The Moral Panic About Populism

The word ‘populism’ once meant little more than an appeal to the people. Today it has become a synonym for ignorance, prejudice, or latent extremism. The reaction to it is rarely political; it is moral. Opponents of populism imagine they are defending truth and decency, when in fact they are defending a sense of moral order that no longer feels secure.

A moral panic arises when a society feels its values threatened but can no longer articulate why those values matter. In the religious world, heresy served that function; in the secular world, populism now does. The panic disguises itself as virtue, but its root is fear — fear of losing control, of losing narrative authority, of being exposed as uncertain. And like all moral panics, it expresses itself not through reflection but through reflex: denunciation, censorship, and symbolic gestures of purity.

The Burden of Historical Guilt

In Germany this panic carries a unique psychological weight. Beneath the language of democracy lies an unhealed sense of historical guilt. For eight decades, the country has lived under the imperative Nie wieder! — “Never again!” — a moral commandment so absolute that it sometimes overrides rational politics. Many of the councillors in Wattenscheid are not powerful figures; they are conscientious, ordinary citizens who have internalised the conviction that any tolerance of right-wing politics is a betrayal of history. Their moral reflex is a kind of inherited atonement.

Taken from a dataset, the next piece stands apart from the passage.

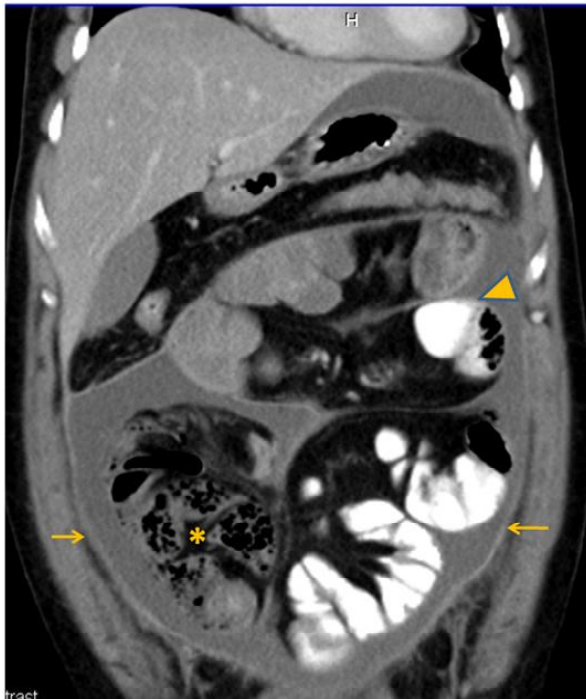
Figure 2: Coronal CECT showing thin soft tissue density membrane encasing small bowel loops in midline giving the appearance of cocoon (arrow), few dilated small bowel loops within, dilated distal ileal loop showing thinned out wall with intramural air and small bowel faeces sign (asterisk), loculated fluid surrounding loops within cocoon (arrow head)

The result is a democracy that polices itself out of fear. To prevent another Hitler, it suppresses dissent of any kind. In doing so, it risks creating a subtler form of totalitarianism — not the tyranny of one man, but the tyranny of moral anxiety.

Britain exhibits its own version of this syndrome. The toppling of Edward Colston’s statue in Bristol, the incessant self-flagellation over colonialism and slavery, and the moral theatre of public apology all reveal the same impulse: to erase guilt through symbolic acts. These gestures are not rational reckonings with the past but knee-jerk absolutions. They relieve the conscience for a moment but deepen the cultural divide between those who confess and those who refuse to kneel.

A democracy obsessed with guilt becomes incapable of forgiveness — and without forgiveness, there can be no genuine freedom.

The Translator’s Dilemma: Meaning and Belief

The confusion of moral and political categories in our time mirrors the confusion of meaning that has haunted the translation of sacred texts. Just as the Masoretes supplied vowels to make Hebrew legible, modern societies supply moral vowels to make history pronounceable. But every addition also interprets. Every effort to purify meaning risks distorting it.

The translator of a text faces a choice between fidelity and clarity; so too does the translator of history. The louder we shout about democracy, the less democratic our behaviour becomes. The more we moralise about the past, the less we understand it.

Democracy as Procedure, Not Creed

Democracy is not a creed to be defended but a procedure to be practised. It depends on the rule of law, open participation, and the willingness to tolerate outcomes one dislikes. When democracy becomes a moral identity — when “the democratic side” sees itself as the sole guardian of goodness — it begins to destroy the very principle it claims to serve.

The true lesson of Wattenscheid is not that populists are advancing, but that mainstream politics is losing its equilibrium. Fear has replaced confidence; guilt has replaced judgement. The danger is not populism itself, but a political culture so terrified of it that it forgets what democracy is for.

The real test of democracy is not whether it keeps its enemies out, but whether it can bear to keep its promise when they are already inside.